将一个字符串分成三元组(三个字段的元组),主语谓词和对象。

时间:2014-04-21 06:36:59

标签: python algorithm rdf

例如:

示例RDF字符串。

< Tom_Wilkinson_(演员)GT; < actedIn> “In_the_Bedroom”,“The_Patriot_(2000_film)”,“Black_Knight_(电影)”,“The_Last_Kiss”,“Cassandras_Dream”; < bornOnDate> “1948年12月12日”; < isCalled> “Tom Wilkinson(Schauspieler)”,“טוםוילקינסון”,“トム·ウィルキンソン”,“Tom Wilkinson”,“וםוילקינסון”,“ム·ウィルキンソン”;

给定字符串的三元组 -

<Tom_Wilkinson_(actor)> <actedIn> "In_the_Bedroom"     
<Tom_Wilkinson_(actor)> <actedIn> "The_Patriot_(2000_film)" 
<Tom_Wilkinson_(actor)> <actedIn> "Black_Knight_(film)" 
<Tom_Wilkinson_(actor)> <actedIn> "The_Last_Kiss" 
<Tom_Wilkinson_(actor)> <actedIn> "Cassandras_Dream"
<Tom_Wilkinson_(actor)> <bornOnDate> "1948-12-12"
<Tom_Wilkinson_(actor)> <isCalled> "Tom Wilkinson (Schauspieler)"

注意 - 对象之间可以有空格。

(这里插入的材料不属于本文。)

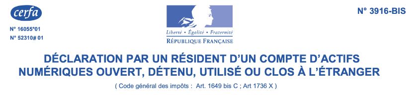 En tête du formulaire N°3916-BIS — Déclaration des comptes d’actifs numériques détenus à l’étranger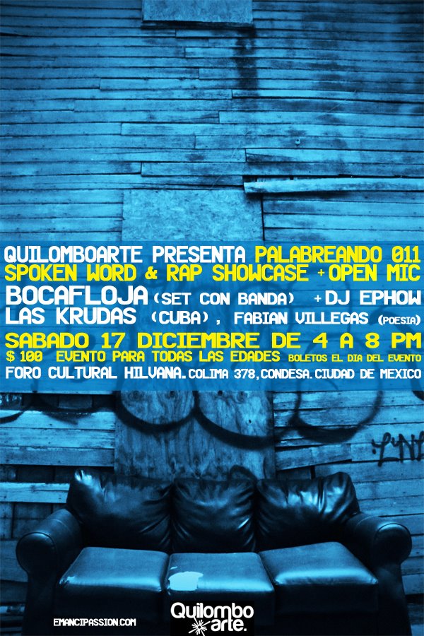 QuilomboArte Presenta: Palabreando | 17 diciembre 2011 December 17, 2011 1 min read by MazPlata Archivo de Eventos Previous Videos: Hip Hop | Diciembre 2011 Next Festival Planeta Hip Hop II | 17 diciembre 2011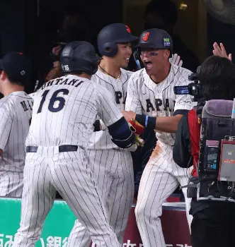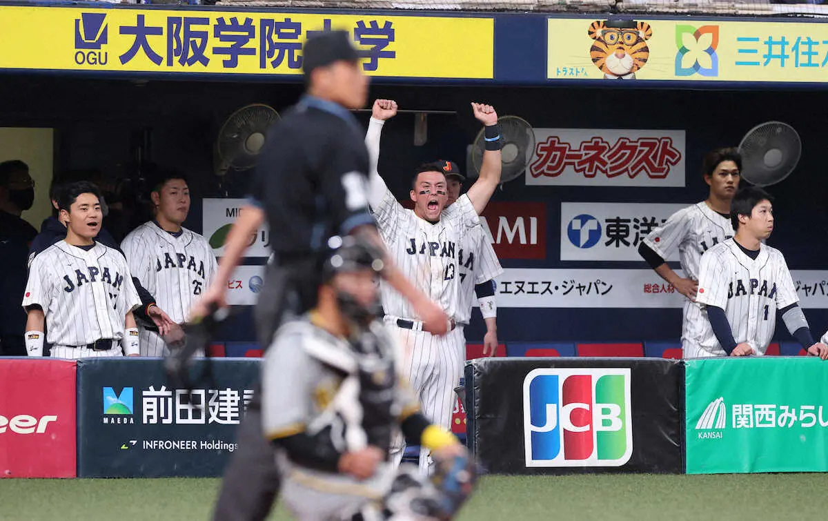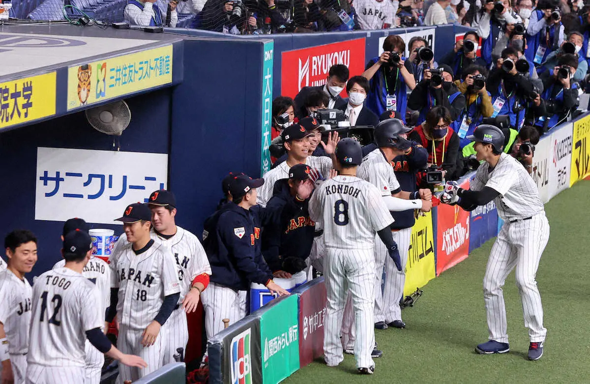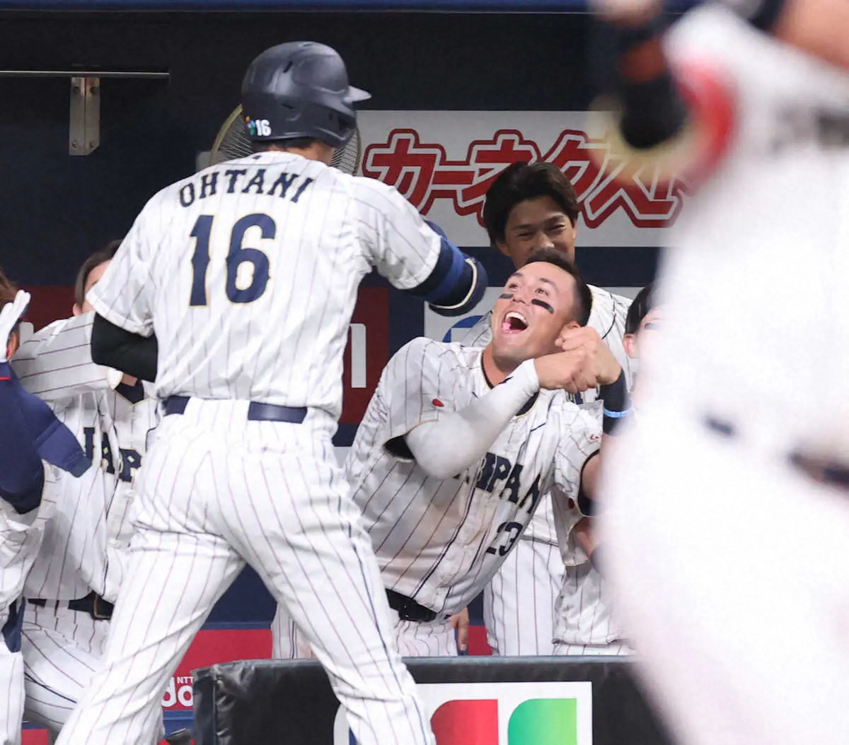 強化試合<神・侍>5回2死一、二塁、大谷の3点本塁打に盛り上がるヌートバー(23番)ら侍ジャパンナイン(撮影・平嶋 理子)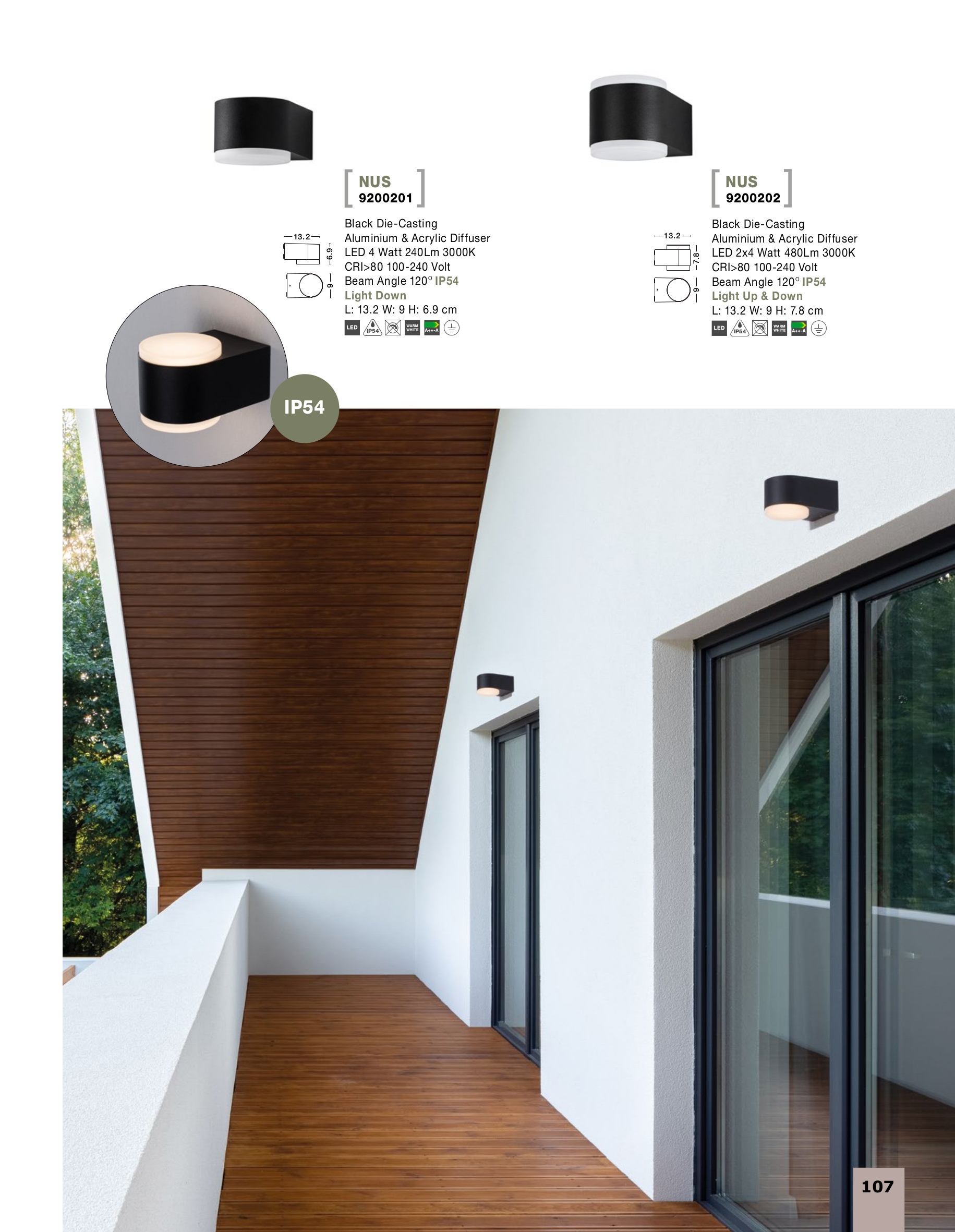 Осветителното тяло 9200202 представлява аплик, външна лампа в съвременен стил. 9200202 е от категорията осветителни тела и е подходящо за осветяване на различни помещения и пространства като: външно осветление, фасадно осветление.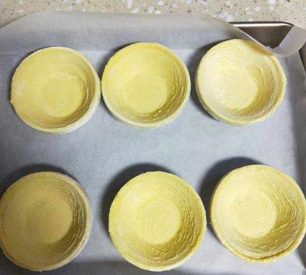 第9步、烤盤中準備六個蛋撻皮。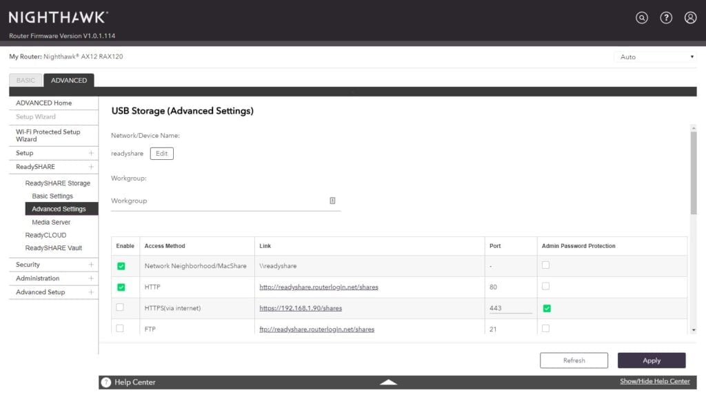 There is also basic NAS features via ReadySHARE which includes a DLNA media server, remote access via ReadCLOUD and local backups via ReadySHARE Vault
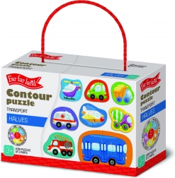 Otkrijte svijet prijevoznih sredstava s obrisnim puzzlama dizajniranima posebno za malu djecu. Svaka od 8 slika sastoji se od samo dva čvrsta dijela, što olakšava prve korake u slaganju i jača samopouzdanje malih igrača. Zahvaljujući kontrastnim oblicima i jasnim motivima djeca brzo shvaćaju princip povezivanja.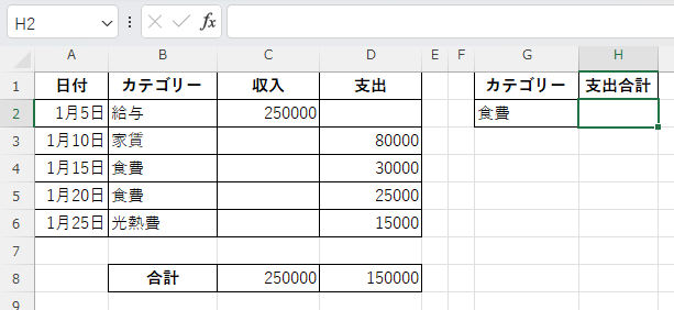 家賃 | =SUMIF($B$2:$B$6,G2,$D$2:$D$6) |

比方说“Tom Wilkinson(Schauspieler)”是一个包含空格的对象。

2 个答案:

答案 0 :(得分:5)

您提供的输入实际上已经是某些RDF的Turtle(或N3)序列化。它的格式通常是这样的,指定了一些@base

@base <http://stackoverflow.com/q/23192184/1281433> .

<Tom_Wilkinson_(actor)> <actedIn> "In_the_Bedroom" , "The_Patriot_(2000_film)" ,
                                  "Black_Knight_(film)" , "The_Last_Kiss" ,
                                  "Cassandras_Dream";
                        <bornOnDate> "1948-12-12";
                        <isCalled> "Tom Wilkinson (Schauspieler)" ,
                                   "טום וילקינסון" , "トム・ウィルキンソン" ,
                                   "Tom Wilkinson" , "ום וילקינסון" ,
                                   "ム・ウィルキンソン" .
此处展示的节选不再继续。